__TASK MATERIAL__
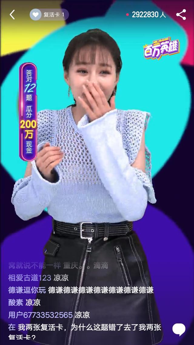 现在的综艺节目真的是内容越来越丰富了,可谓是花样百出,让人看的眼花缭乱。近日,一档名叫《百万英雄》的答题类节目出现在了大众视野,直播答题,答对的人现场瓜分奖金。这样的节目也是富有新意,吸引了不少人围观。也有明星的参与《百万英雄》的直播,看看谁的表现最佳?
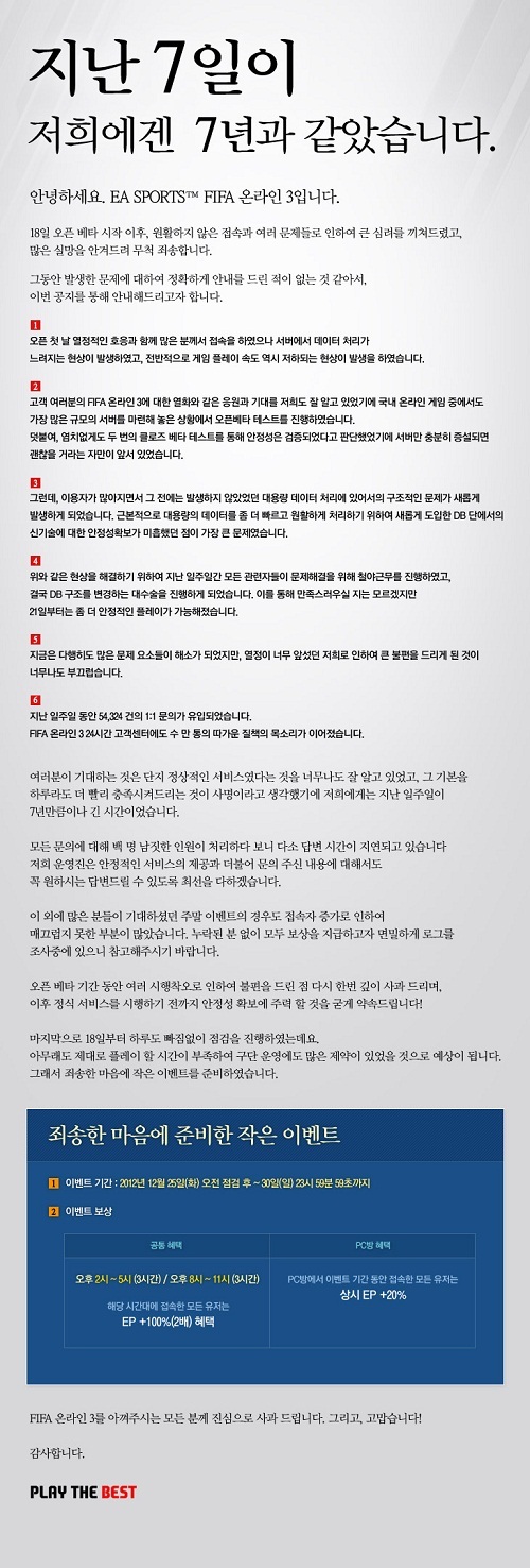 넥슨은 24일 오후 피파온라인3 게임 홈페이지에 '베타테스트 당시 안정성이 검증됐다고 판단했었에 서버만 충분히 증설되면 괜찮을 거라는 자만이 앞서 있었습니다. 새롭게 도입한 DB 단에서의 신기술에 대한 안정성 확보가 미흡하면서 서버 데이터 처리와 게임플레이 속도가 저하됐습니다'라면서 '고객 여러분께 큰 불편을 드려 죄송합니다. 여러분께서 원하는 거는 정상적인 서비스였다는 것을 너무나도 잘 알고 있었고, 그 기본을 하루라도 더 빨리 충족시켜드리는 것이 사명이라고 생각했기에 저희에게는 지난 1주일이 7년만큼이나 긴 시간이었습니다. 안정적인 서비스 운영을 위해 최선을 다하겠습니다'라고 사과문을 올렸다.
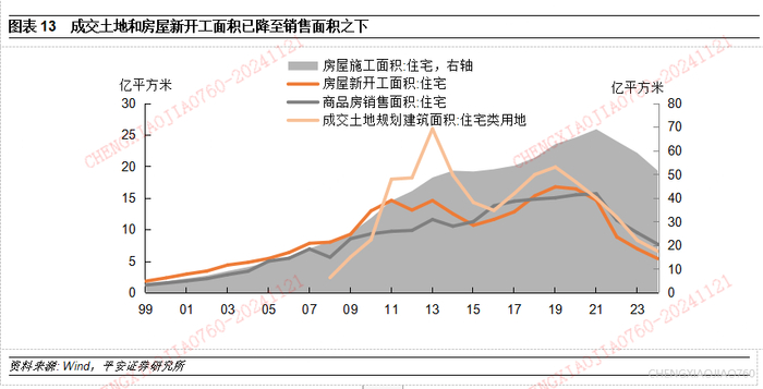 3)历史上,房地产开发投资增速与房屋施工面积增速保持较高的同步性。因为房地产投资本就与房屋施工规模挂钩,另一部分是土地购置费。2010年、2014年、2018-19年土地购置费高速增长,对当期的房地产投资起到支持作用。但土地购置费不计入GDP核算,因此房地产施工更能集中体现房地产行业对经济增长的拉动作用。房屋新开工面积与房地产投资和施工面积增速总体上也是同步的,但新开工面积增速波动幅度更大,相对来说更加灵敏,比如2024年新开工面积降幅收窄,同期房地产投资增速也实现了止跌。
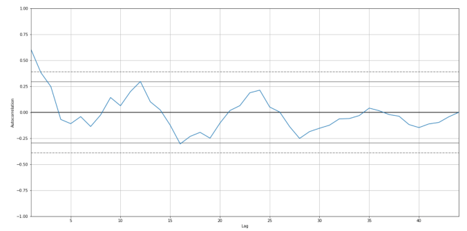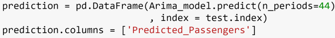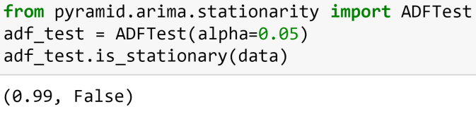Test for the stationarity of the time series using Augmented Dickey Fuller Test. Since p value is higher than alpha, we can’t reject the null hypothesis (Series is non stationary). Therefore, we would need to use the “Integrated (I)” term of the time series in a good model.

==

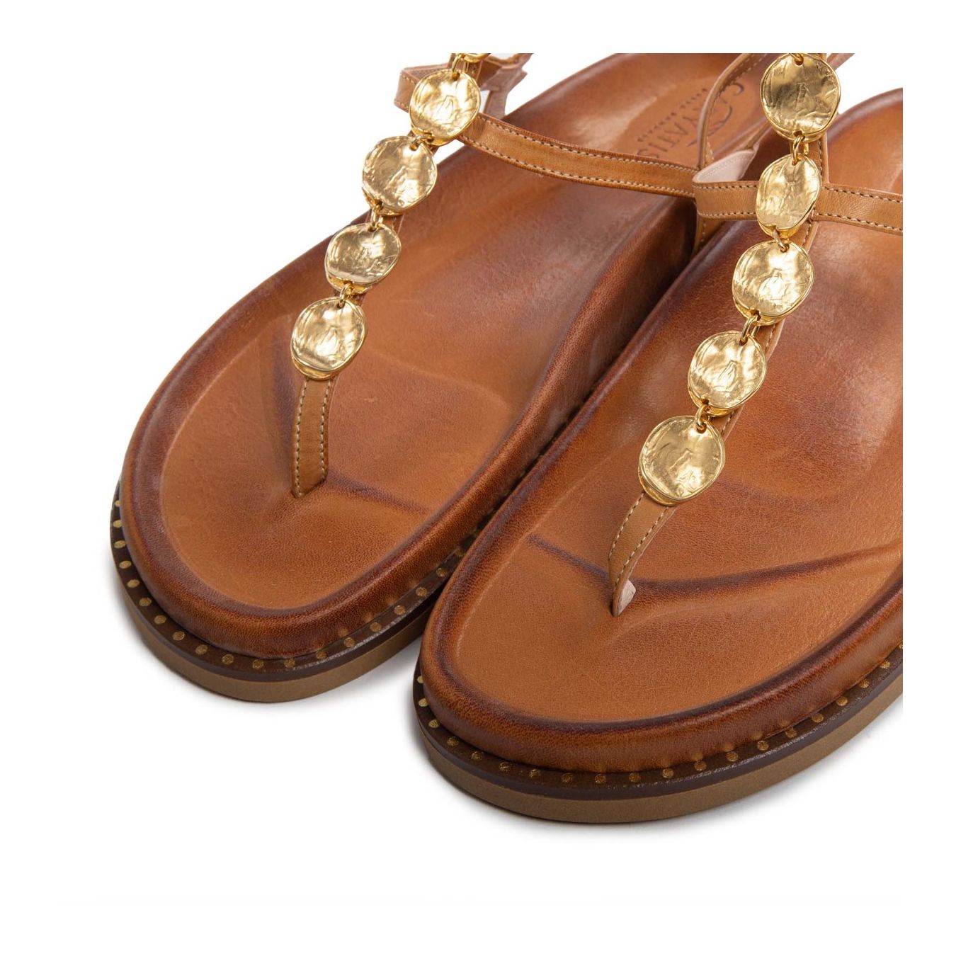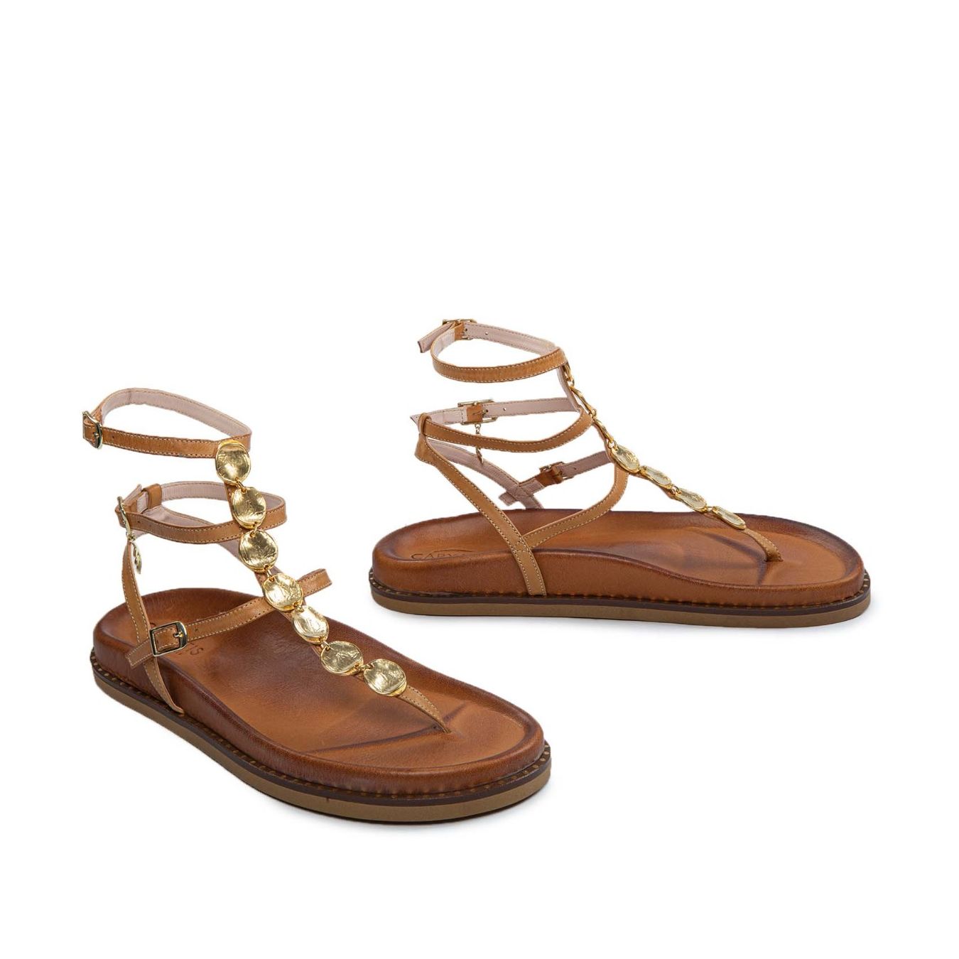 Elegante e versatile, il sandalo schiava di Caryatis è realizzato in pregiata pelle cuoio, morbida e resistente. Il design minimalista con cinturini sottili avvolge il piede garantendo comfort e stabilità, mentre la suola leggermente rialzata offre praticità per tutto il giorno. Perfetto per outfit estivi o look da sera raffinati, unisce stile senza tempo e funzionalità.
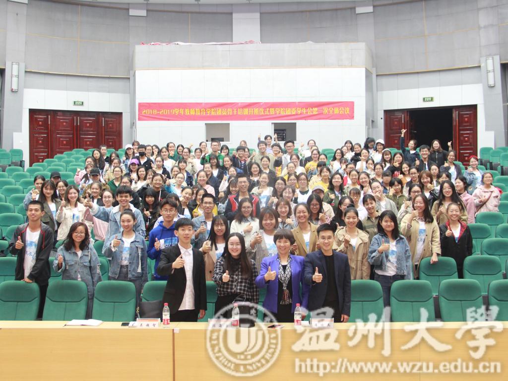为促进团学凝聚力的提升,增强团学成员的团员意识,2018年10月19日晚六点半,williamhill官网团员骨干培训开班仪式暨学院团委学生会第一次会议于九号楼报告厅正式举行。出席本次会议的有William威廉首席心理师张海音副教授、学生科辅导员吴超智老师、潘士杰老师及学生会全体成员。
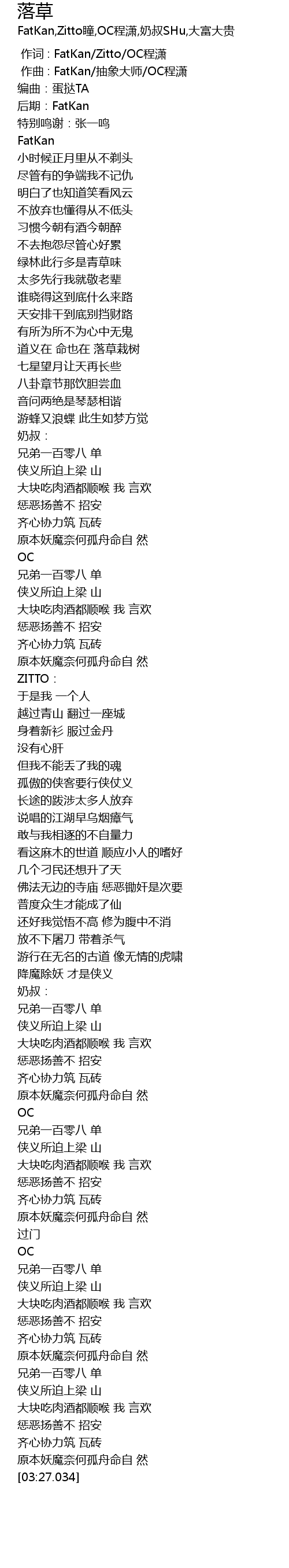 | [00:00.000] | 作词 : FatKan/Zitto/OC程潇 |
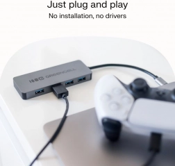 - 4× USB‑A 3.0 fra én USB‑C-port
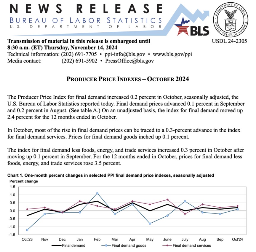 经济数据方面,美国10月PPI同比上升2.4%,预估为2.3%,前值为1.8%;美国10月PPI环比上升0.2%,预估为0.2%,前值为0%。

==

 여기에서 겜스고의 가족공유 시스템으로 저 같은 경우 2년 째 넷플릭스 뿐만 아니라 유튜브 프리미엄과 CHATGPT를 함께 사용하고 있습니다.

__WORK ORDER__
Each line above from the one containing "为促进团学凝聚力的提升,增强" through the one containing "经济数据方面,美国10月PP" is to be returned verbatim. Nothing else, and no pictures.

__TASK RESPONSE__
为促进团学凝聚力的提升,增强团学成员的团员意识,2018年10月19日晚六点半,williamhill官网团员骨干培训开班仪式暨学院团委学生会第一次会议于九号楼报告厅正式举行。出席本次会议的有William威廉首席心理师张海音副教授、学生科辅导员吴超智老师、潘士杰老师及学生会全体成员。
 | [00:00.000] | 作词 : FatKan/Zitto/OC程潇 |
 - 4× USB‑A 3.0 fra én USB‑C-port
 经济数据方面,美国10月PPI同比上升2.4%,预估为2.3%,前值为1.8%;美国10月PPI环比上升0.2%,预估为0.2%,前值为0%。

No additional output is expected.